Resolved issues

The current release of the product resolves these issues. For a list of issues fixed in earlier releases, see the Release Notes for the specific release.

Note: The resolved issues cover all management platforms.


Reference Resolution
1192753 Groups with duplicate rules in the Host IPS Catalog now successfully migrate to the Firewall Catalog.
1196358 McAfee Host IPS Trusted Network policies that contain Internet Protocol version 6 subnets now correctly migrate to the Endpoint Security policy.


Reference Resolution
1191919 You can now configure the event database size from 50–999 MB.
1195840 Self Protection events now report the correct product version to McAfee ePO by correctly storing and retrieving information from the registry.
1198960 An Endpoint Security installation no longer fails in the presence of McAfee Drive Encryption due to an inability to write to HKEY_CURRENT_USER\Software\McAfee\Endpoint\Common\BusinessoBjectRegistry\SystemInfo\.
1199374 A Windows system restore no longer fails on systems where Endpoint Security is installed.

TIC log no longer stops when Adaptive Threat Protection debug logging is enabled.

LoggerBL.xml is updated in the installer and always overwrites the file on the system.

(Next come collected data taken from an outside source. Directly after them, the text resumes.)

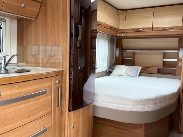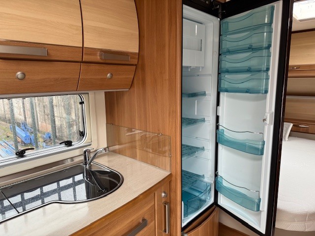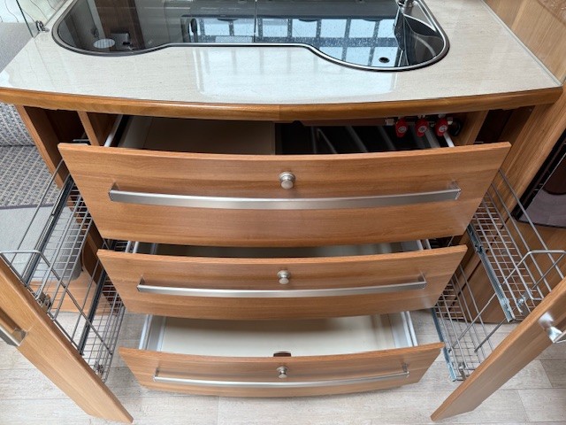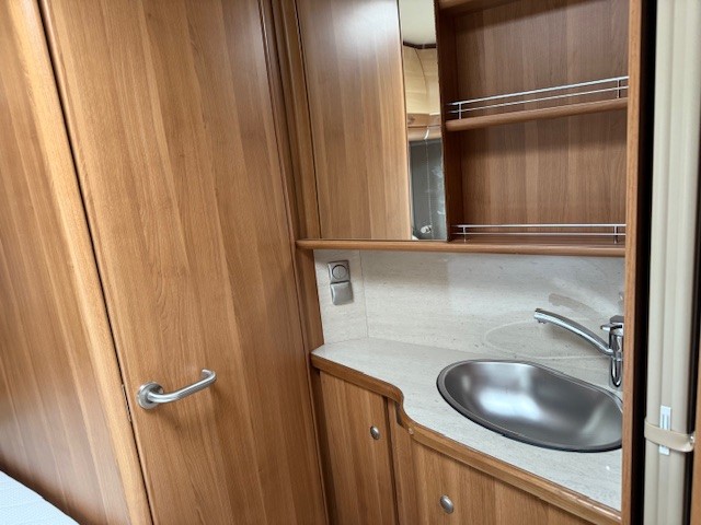 Centraal in de caravan is de praktische keuken geplaatst. Deze is voorzien van een spoelbak met mengkraan, kookplaat en een royale hoge koelkast. De warmwatervoorziening is aanwezig, en door de praktische indeling met lades en een apothekerskast zijn je spullen altijd binnen handbereik.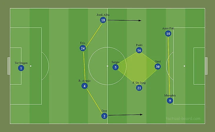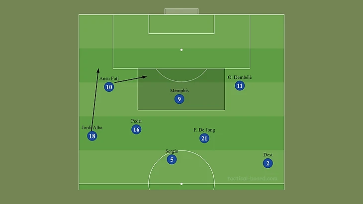 Необходимо, чтобы крайние нападающие (Фати/Дембеле) и латерали (Альба/Дест) не мешали друг другу. Не должно возникать ситуаций, когда фланговые игрока встречаются в одной зоне. Для этого требуется своевременное смещение нападающих с края в центр при подключениях крайних защитников.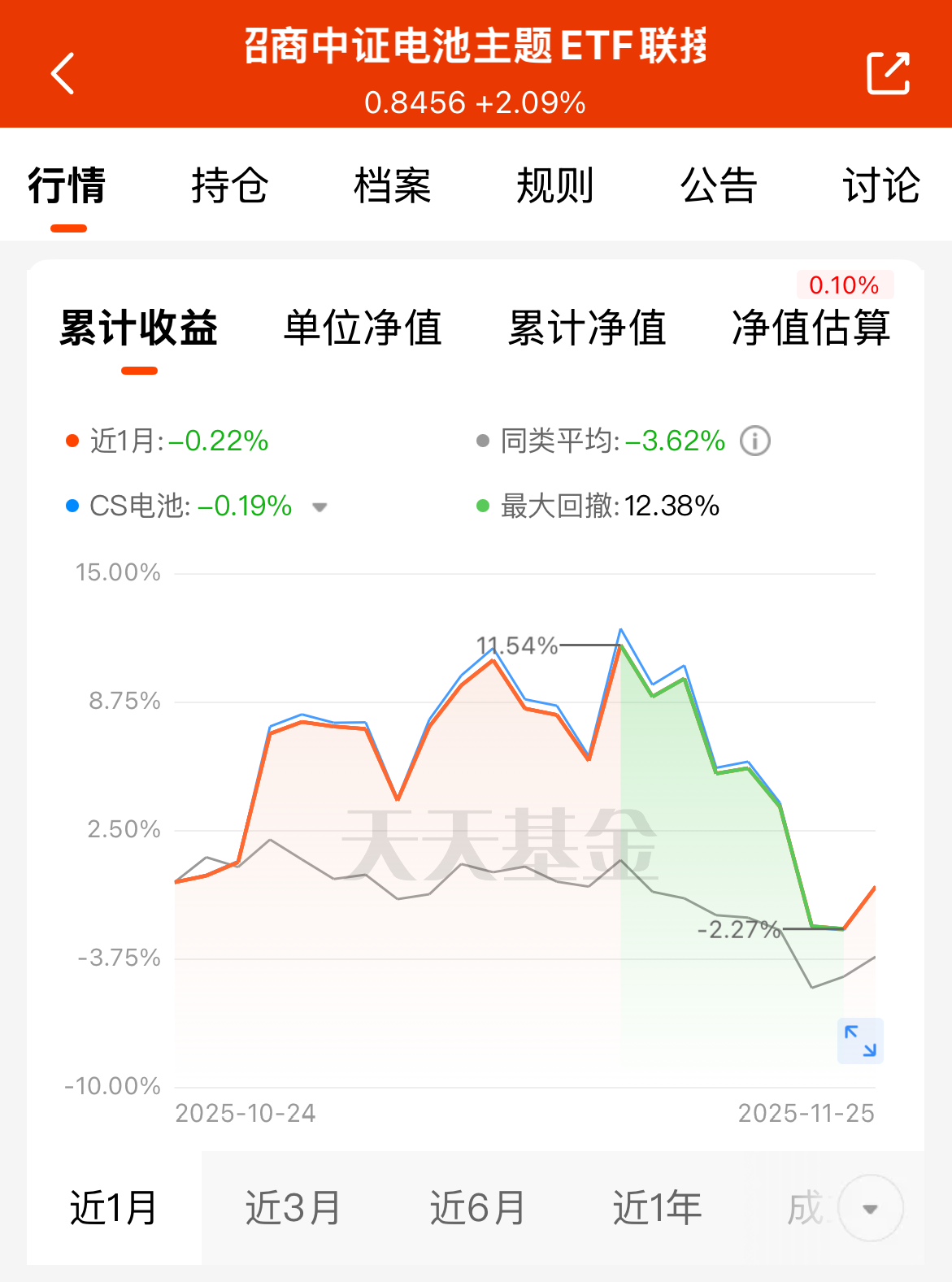 宝子们,今天又是跳水的节奏,早上赚不少,午后大缩水,大家对于现在的行情还在观望。电池板块前面调整不少。$招商中证电池主题ETF联接C(OTCFUND|016020)$今天还能维持个小红不错了,龙头厦钨新能、宁德时代产能加速,产业链技术迭代加速落地,我觉得基本面没问题,现在就是耐心等待的个过程。

This means that logger settings are replaced by defaults until policy enforcement returns the configured settings.

1210456 Endpoint Security now successfully deploys installation, patch, and hotfix packages when they are in the same McAfee ePO repository.

Threat Prevention

Reference Resolution
1181771 Windows systems no longer periodically show the Windows Action Center prompt to enable McAfee security software.
1182718 On-demand scans now successfully work with exclusions for potentially unwanted program.
1191580 dllhost.exe no longer crashes after deploying a Sysprep image or performing a Cortana search on a Windows 10 Creators Update system when Exploit Prevention is enabled.
1191719 An update to network file caching now prevents a printing delay.
1193467 McShield.exe no longer consumes high CPU.
1194014 McShield.exe no longer experiences high CPU when opening applications.
1197122 The Threat Prevention installer no longer removes IBM Lotus Notes version 9 when upgrading to Endpoint Security.
1198993 Quarantine items with invalid time values no longer cause Threat Prevention to crash, and Threat Prevention now appears in the Endpoint Security Client About window.
1204316 The correct AMCore content version now appears in the Endpoint Security Client and McAfee ePO after an update.
1204416 McShield.exe no longer consumes high CPU when saving policies.
1205489 Installation of Endpoint Security 10.5.1 Hotfix 2 from the command line no longer fails on the first attempt.
1209107 The Event Manager now deletes corrupted event database files and replaces them with new event database files.
1211550 Exploit Prevention Content updates no longer overwrite customized rules in the Application Protection Rules policy.
1215606 Websense services now successfully start after a system restart with Endpoint Security installed.


Reference Resolution
1184449 Endpoint Security Firewall now correctly starts after a system restart with a correct state and no longer blocks packets when the Firewall was disabled from the context menu before restarting.
1188069 Only one instance of a location now appears in the Firewall Catalog, regardless of how many groups contain the location.
1190907 Location Aware Groups now successfully work with Big IP VPN tunnels.
1193034 Firewall rules from the Policy Catalog now correctly function when added to subsequent groups in a Firewall policy.
1194924 Endpoint Security Firewall no longer blocks the process when process IDs are not returned from Firecore and successfully continues to the next rule.
1195190 A thread no longer hangs in Endpoint Security Firewall, which prevented it from applying policies.
1198251 Location Aware Groups now correctly function on systems with two Ethernet adapters.

Location Aware Groups function with IP addresses that are defined in the registry and no longer cause mfefw.exe to consume high CPU.

The number of matching locations no longer increases with every policy enforcement. To reduce the number of locations, disable the Retain existing user-added rules and Adaptive mode rules when this policy is enforced setting in the Firewall Options policy.

1200295 Domain reachability now successfully connects with the alias domain in configurations where the server couldn't download certificates from the Endpoint Security Client.
1204936 Mfefw.exe no longer experiences sustained high CPU.

Adaptive Threat Protection

Reference Resolution
1199556 Files marked as Known Trusted by Enterprise Reputation are no longer processed by Dynamic Application Containment (DAC) rules.
1199945 Adaptive Threat Protection no longer submits erroneous application and DLL telemetry to the Threat Intelligence Exchange (TIE) server when that telemetry was already sent.
1201425 DAC no longer blocks trusted files when the files are opened from a UNC path.
1205806 Adaptive Threat Protection no longer blocks files marked as Known Trusted by Enterprise Reputation.

Web Control

Reference Resolution
1181847 Web Control no longer enforces empty user-based policies for domain users when no Policy Assignment Rules are configured in McAfee ePO.
1186850 The mfeavfk driver is now in a correct state after installing Endpoint Security, and installed components now correctly appear in McAfee ePO reports.